Exercise requirements:
Your answer should repeat exactly the lines from the one holding "För att inte" through the end of the data, and it should contain no pictures.

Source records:
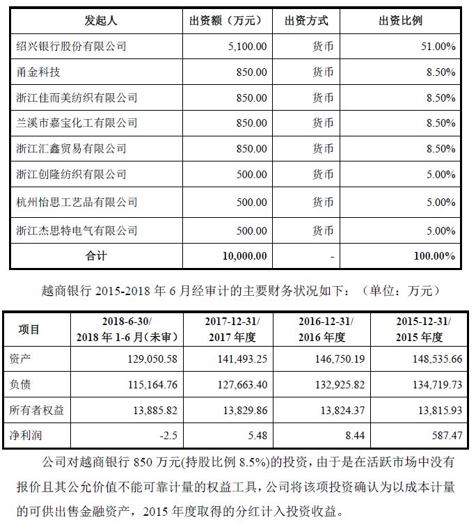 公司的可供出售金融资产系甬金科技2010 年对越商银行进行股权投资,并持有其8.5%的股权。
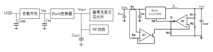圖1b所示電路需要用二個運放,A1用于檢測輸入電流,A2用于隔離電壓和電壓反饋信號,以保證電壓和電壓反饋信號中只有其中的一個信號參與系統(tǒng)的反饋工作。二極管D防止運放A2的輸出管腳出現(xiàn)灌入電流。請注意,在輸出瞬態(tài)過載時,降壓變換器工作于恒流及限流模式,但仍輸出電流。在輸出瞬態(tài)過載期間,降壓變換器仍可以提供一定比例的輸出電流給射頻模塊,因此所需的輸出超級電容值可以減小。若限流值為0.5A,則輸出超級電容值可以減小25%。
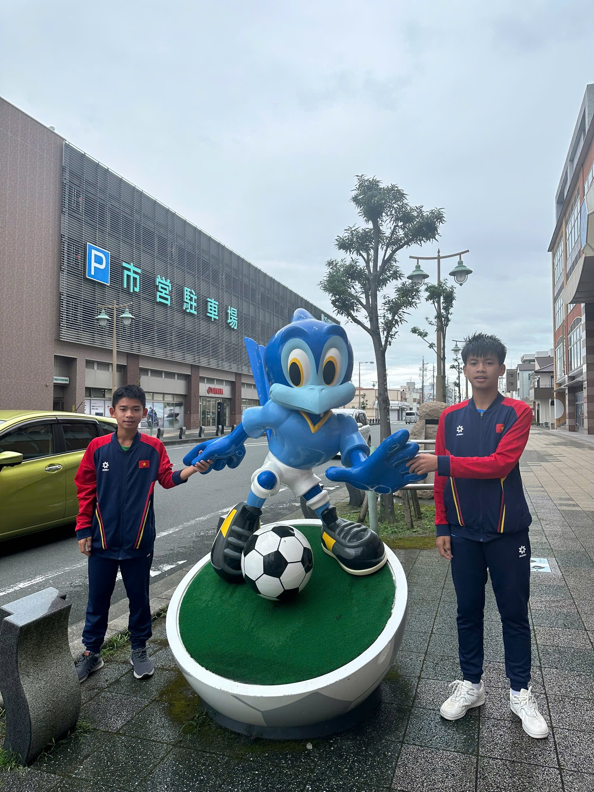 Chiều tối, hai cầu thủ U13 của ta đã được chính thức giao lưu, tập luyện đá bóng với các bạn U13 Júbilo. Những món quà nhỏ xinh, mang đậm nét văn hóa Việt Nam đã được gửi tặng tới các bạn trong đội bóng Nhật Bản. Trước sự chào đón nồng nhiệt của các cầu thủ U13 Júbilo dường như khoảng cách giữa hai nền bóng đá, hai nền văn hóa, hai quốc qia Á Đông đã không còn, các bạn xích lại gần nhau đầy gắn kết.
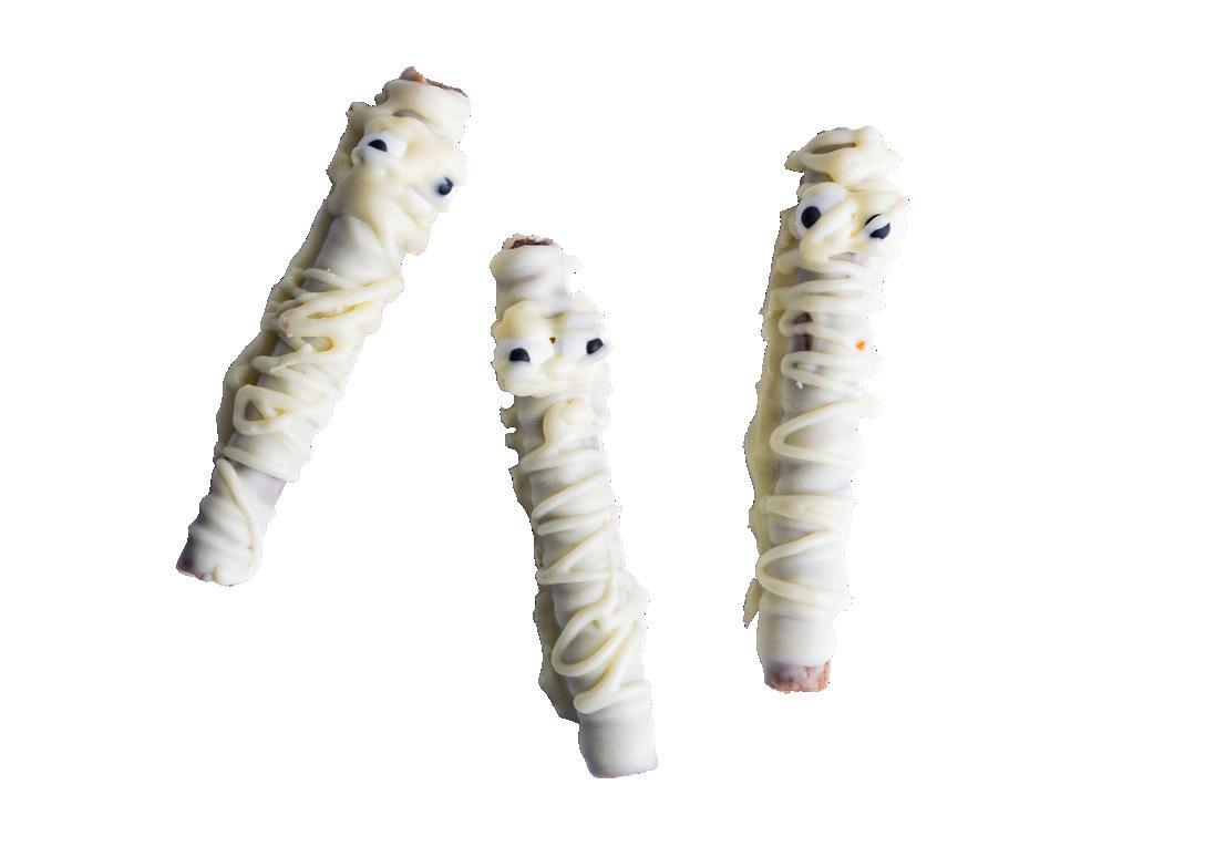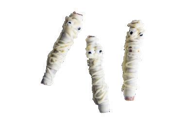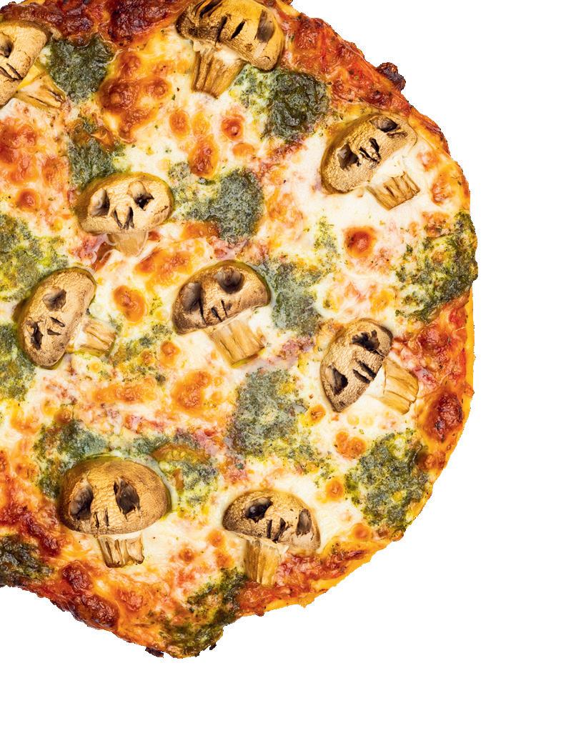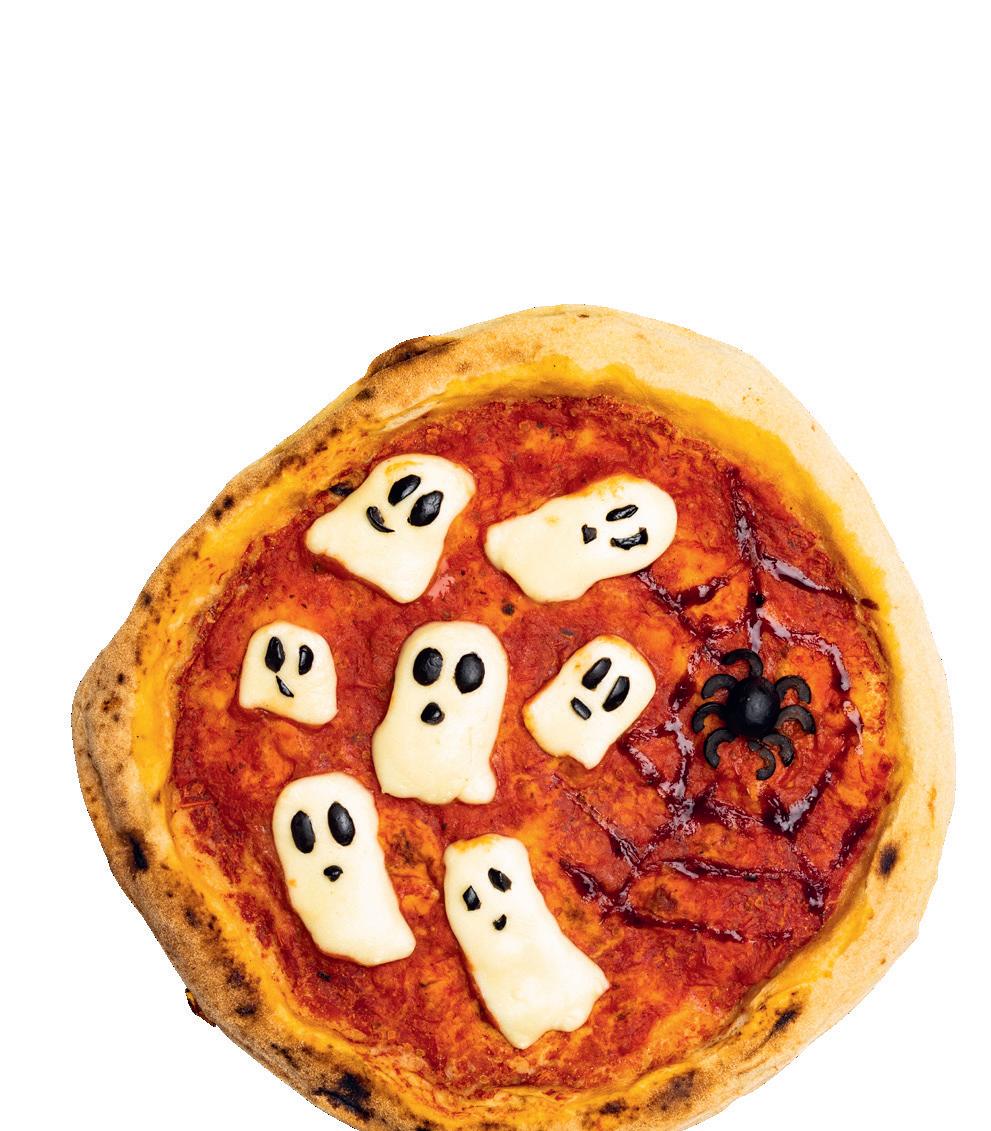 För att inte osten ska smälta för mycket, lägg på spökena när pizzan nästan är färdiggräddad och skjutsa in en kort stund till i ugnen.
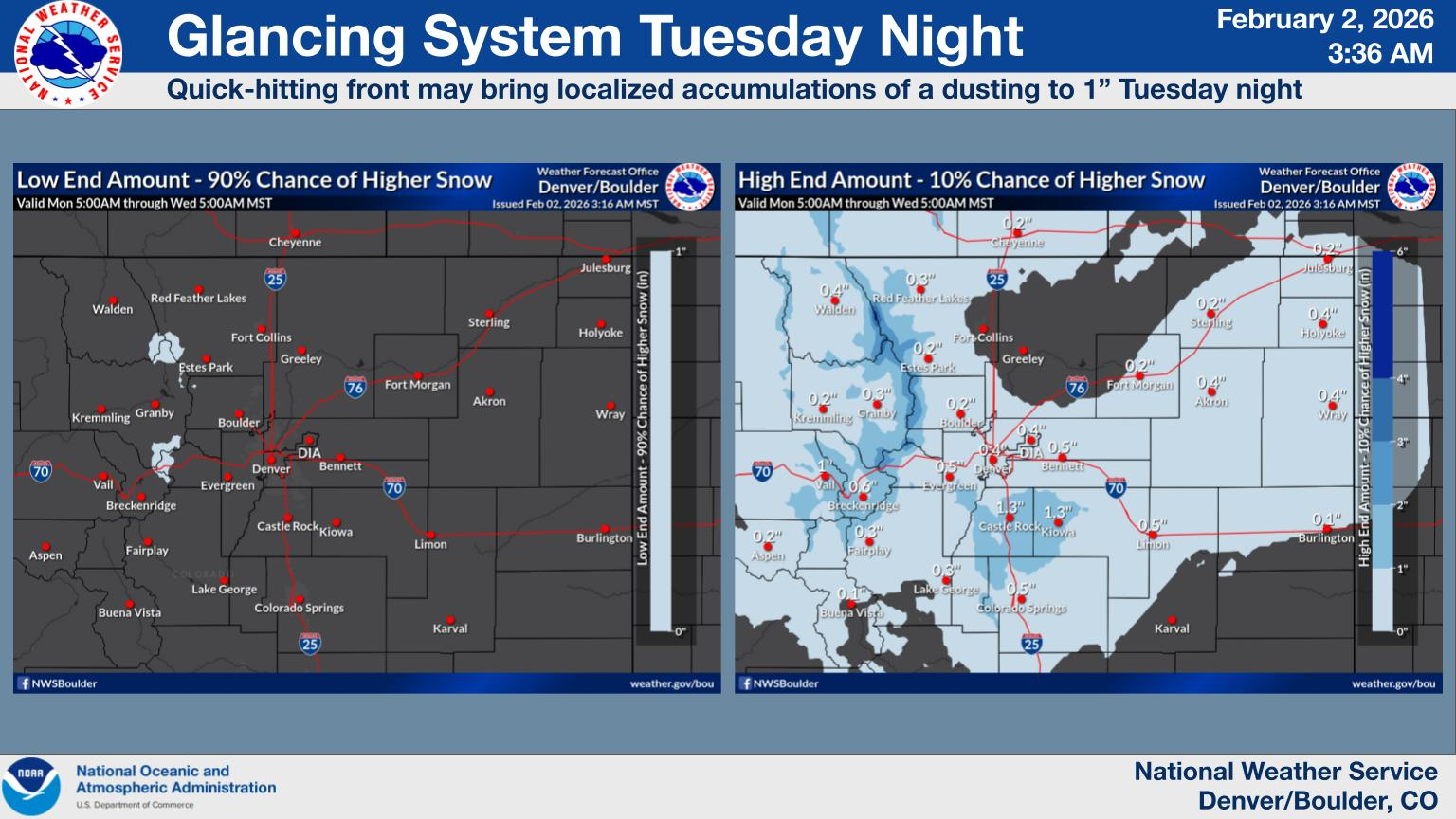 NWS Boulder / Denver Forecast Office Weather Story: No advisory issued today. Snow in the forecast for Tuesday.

Result of this exercise:
 För att inte osten ska smälta för mycket, lägg på spökena när pizzan nästan är färdiggräddad och skjutsa in en kort stund till i ugnen.
 NWS Boulder / Denver Forecast Office Weather Story: No advisory issued today. Snow in the forecast for Tuesday.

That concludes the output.